The spending plan now goes to a budget validation referendum on Tuesday, June 8, for final approval.
Next year’s budget reflects a decrease of more than $133,000, or 0.53 percent, from the current year. The fiscal 2011 local contribution of $16.54 million is up nearly $100,000, or 0.58 percent, from this year.
The RSU’s anticipated revenue reductions include a more than $400,000 cut in state subsidy.
Three communities would see their contributions drop through the district’s cost-sharing formula: Arrowsic, down 16.22 percent to more than $406,000, Phippsburg, down 3.72 percent to $2.85 million, and West Bath, down 0.63 percent to $2.51 million.
Bath would contribute $7.8 million, 0.07 percent more than the current year, and Woolwich would pay nearly $3 million, an increase of 11 percent.
Woolwich’s hike is due to a rise in property value and a student enrollment increase due to construction of a new school, scheduled to open in September 2012, according to RSU 1 Superintendent William Shuttleworth.
The budget eliminates five teaching positions in kindergarten through eighth-grade foreign language, with one teacher retiring and a slot being created for a world language technology integration specialist. That specialist will aid in the shift of elementary school foreign language classes from classroom instruction to Web-based learning.
Two teaching positions are also to be cut at Morse High School.
During discussion of next year’s $10.14 million cost of regular instruction, John James of Bath noted that while special education expenses are being budgeted for about $143,000 more, regular instruction costs are being cut by about $180,000.
“RSU 1 will be taking care of new incoming special needs students, as it should be, and as required by law,” he said, “but at the same time has chosen to remove some outstanding teachers from the classroom, dismantled an elementary world language program, and introduced computers to replace teachers in the classroom.”
Shuttleworth said the number and severity of special needs children served has increased significantly in recent years, necessitating those added expenditures. Meanwhile, the overall student population is decreasing, triggering the staff cuts in regular instruction, he said.
James’s proposed amendment to restore the almost $180,000 reduction was defeated, and the original article passed as presented.
Along with deciding on next year’s budget on June 8, voters will also be asked whether they favor continuing the budget validation referendum process for another three years.
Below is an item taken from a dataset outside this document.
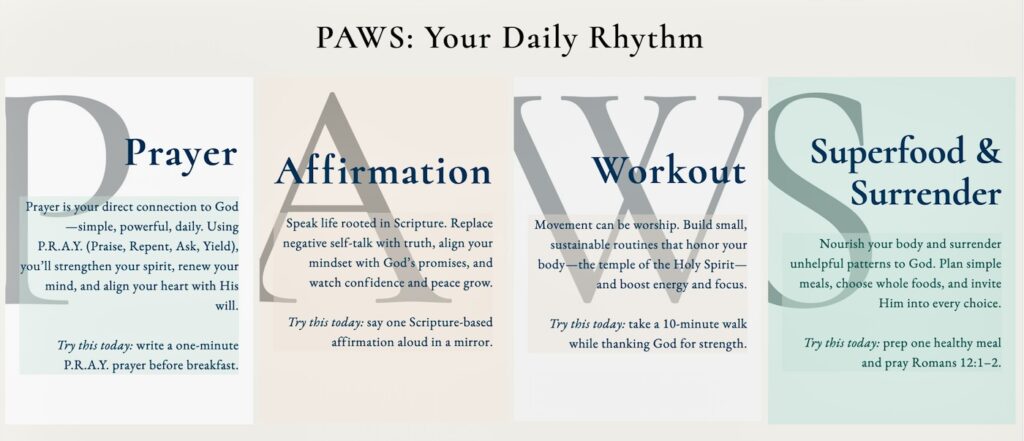 Prayer is also how we begin our day with strength and intention. When we start our mornings in prayer, we invite God into our energy, our discipline, and our choices before the day begins. This is why prayer is the foundation of the PAWS model. Before affirmations shape our thoughts, before workouts strengthen our bodies, and before surrender teaches us trust, prayer aligns our body, mind, and spirit. When we pray first, we move in God’s strength—not our own.

A yes vote means RSU 1 must continue to conduct the referendum to validate its budget for the next three years, and a no vote will end the referendum for at least three years and have budget approval be a one-step process at the annual meeting of the voters.
RSU 1 Board of Directors Chairman Charles Durfee said his panel recommends budget approval take place at just the annual meeting, a no vote.
“It’s a system which allows questions (and) answers,” he said, adding that it offers the citizenry a chance to modify the budget as it sees fit.
The polls will be open for Bath voters at Bath Middle School on June 8 from 9 a.m. to 8 p.m.